Saved entries
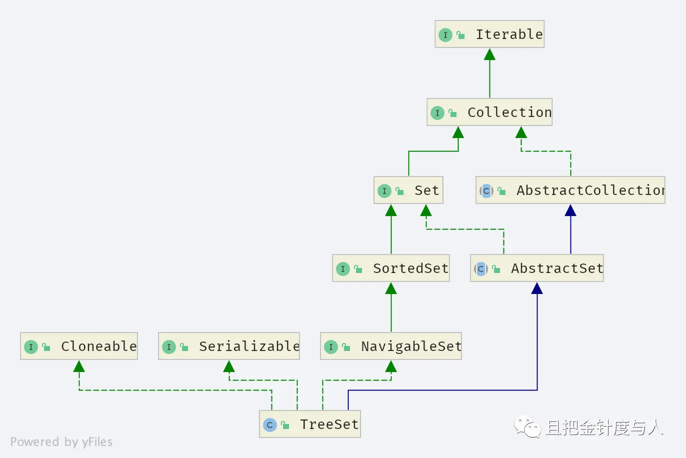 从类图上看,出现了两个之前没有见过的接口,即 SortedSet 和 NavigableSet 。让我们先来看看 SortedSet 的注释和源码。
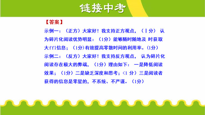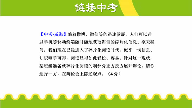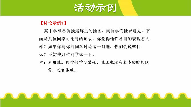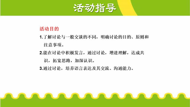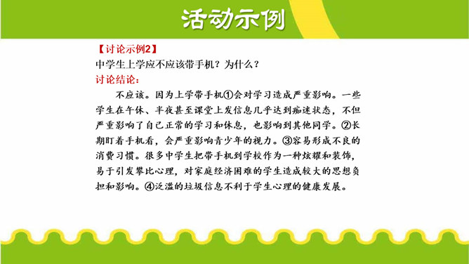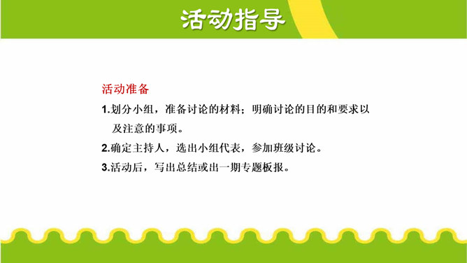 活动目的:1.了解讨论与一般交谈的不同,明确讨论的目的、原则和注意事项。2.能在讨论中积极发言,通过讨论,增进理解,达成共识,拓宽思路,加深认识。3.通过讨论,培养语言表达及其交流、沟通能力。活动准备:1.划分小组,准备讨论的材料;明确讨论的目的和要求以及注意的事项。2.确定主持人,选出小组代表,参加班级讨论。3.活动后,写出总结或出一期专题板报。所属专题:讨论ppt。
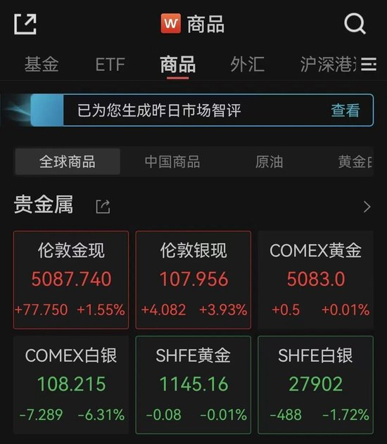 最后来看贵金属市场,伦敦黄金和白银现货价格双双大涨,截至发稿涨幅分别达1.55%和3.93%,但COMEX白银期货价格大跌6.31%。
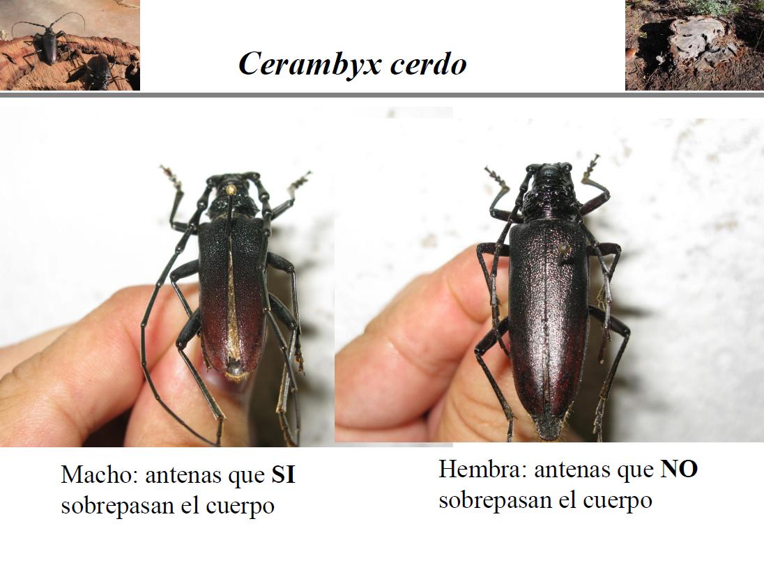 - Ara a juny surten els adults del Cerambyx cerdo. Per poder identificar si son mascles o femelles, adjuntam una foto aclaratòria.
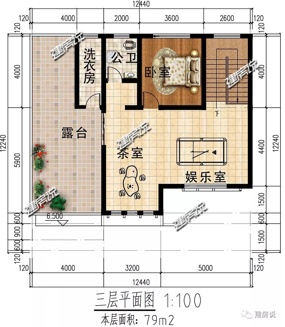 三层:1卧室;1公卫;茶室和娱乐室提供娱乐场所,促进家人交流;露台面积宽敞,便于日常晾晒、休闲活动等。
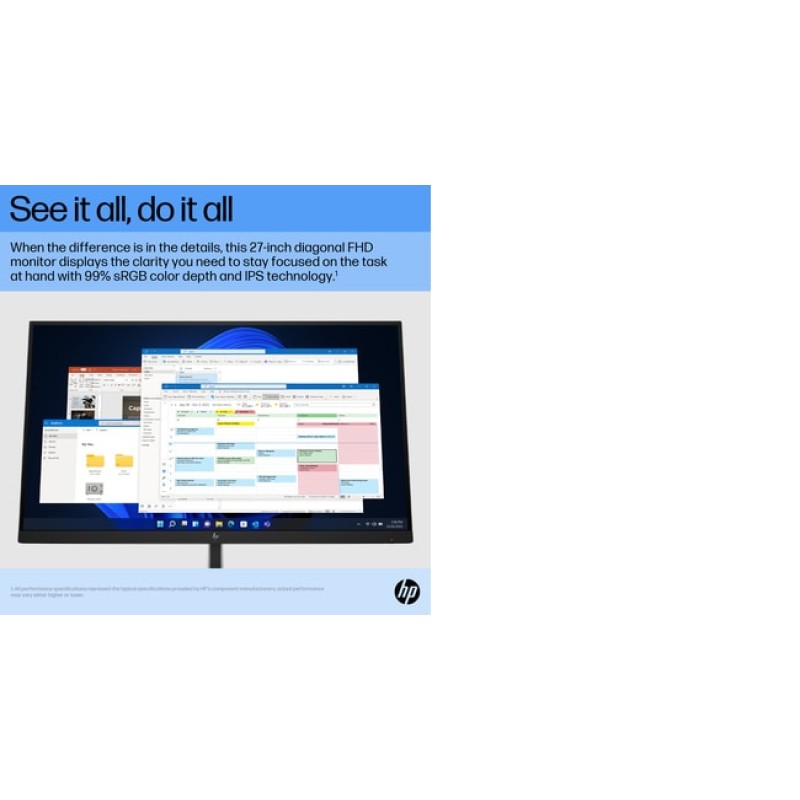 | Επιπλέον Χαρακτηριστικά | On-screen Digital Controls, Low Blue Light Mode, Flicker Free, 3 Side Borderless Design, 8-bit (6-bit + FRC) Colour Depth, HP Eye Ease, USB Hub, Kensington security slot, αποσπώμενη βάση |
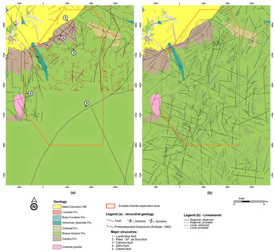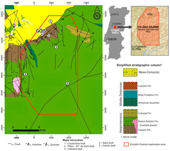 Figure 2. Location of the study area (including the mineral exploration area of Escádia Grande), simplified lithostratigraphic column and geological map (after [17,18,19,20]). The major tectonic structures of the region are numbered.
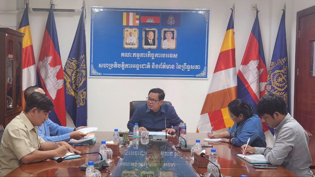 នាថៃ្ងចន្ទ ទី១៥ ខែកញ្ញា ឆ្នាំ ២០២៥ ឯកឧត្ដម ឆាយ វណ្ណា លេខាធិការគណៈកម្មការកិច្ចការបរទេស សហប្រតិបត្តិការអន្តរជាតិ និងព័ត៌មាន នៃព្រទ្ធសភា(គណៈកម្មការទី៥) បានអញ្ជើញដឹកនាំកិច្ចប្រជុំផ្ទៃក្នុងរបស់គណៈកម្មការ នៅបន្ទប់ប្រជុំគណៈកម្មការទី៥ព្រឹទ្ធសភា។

▸ **Problem to work on**
With the pictures left out, copy exactly the lines from the one containing "最后来看贵金属市场,伦敦黄金" through the last line of the data.

▸ **Answer area**
 最后来看贵金属市场,伦敦黄金和白银现货价格双双大涨,截至发稿涨幅分别达1.55%和3.93%,但COMEX白银期货价格大跌6.31%。
 - Ara a juny surten els adults del Cerambyx cerdo. Per poder identificar si son mascles o femelles, adjuntam una foto aclaratòria.
 三层:1卧室;1公卫;茶室和娱乐室提供娱乐场所,促进家人交流;露台面积宽敞,便于日常晾晒、休闲活动等。
 | Επιπλέον Χαρακτηριστικά | On-screen Digital Controls, Low Blue Light Mode, Flicker Free, 3 Side Borderless Design, 8-bit (6-bit + FRC) Colour Depth, HP Eye Ease, USB Hub, Kensington security slot, αποσπώμενη βάση |
 Figure 2. Location of the study area (including the mineral exploration area of Escádia Grande), simplified lithostratigraphic column and geological map (after [17,18,19,20]). The major tectonic structures of the region are numbered.
 នាថៃ្ងចន្ទ ទី១៥ ខែកញ្ញា ឆ្នាំ ២០២៥ ឯកឧត្ដម ឆាយ វណ្ណា លេខាធិការគណៈកម្មការកិច្ចការបរទេស សហប្រតិបត្តិការអន្តរជាតិ និងព័ត៌មាន នៃព្រទ្ធសភា(គណៈកម្មការទី៥) បានអញ្ជើញដឹកនាំកិច្ចប្រជុំផ្ទៃក្នុងរបស់គណៈកម្មការ នៅបន្ទប់ប្រជុំគណៈកម្មការទី៥ព្រឹទ្ធសភា។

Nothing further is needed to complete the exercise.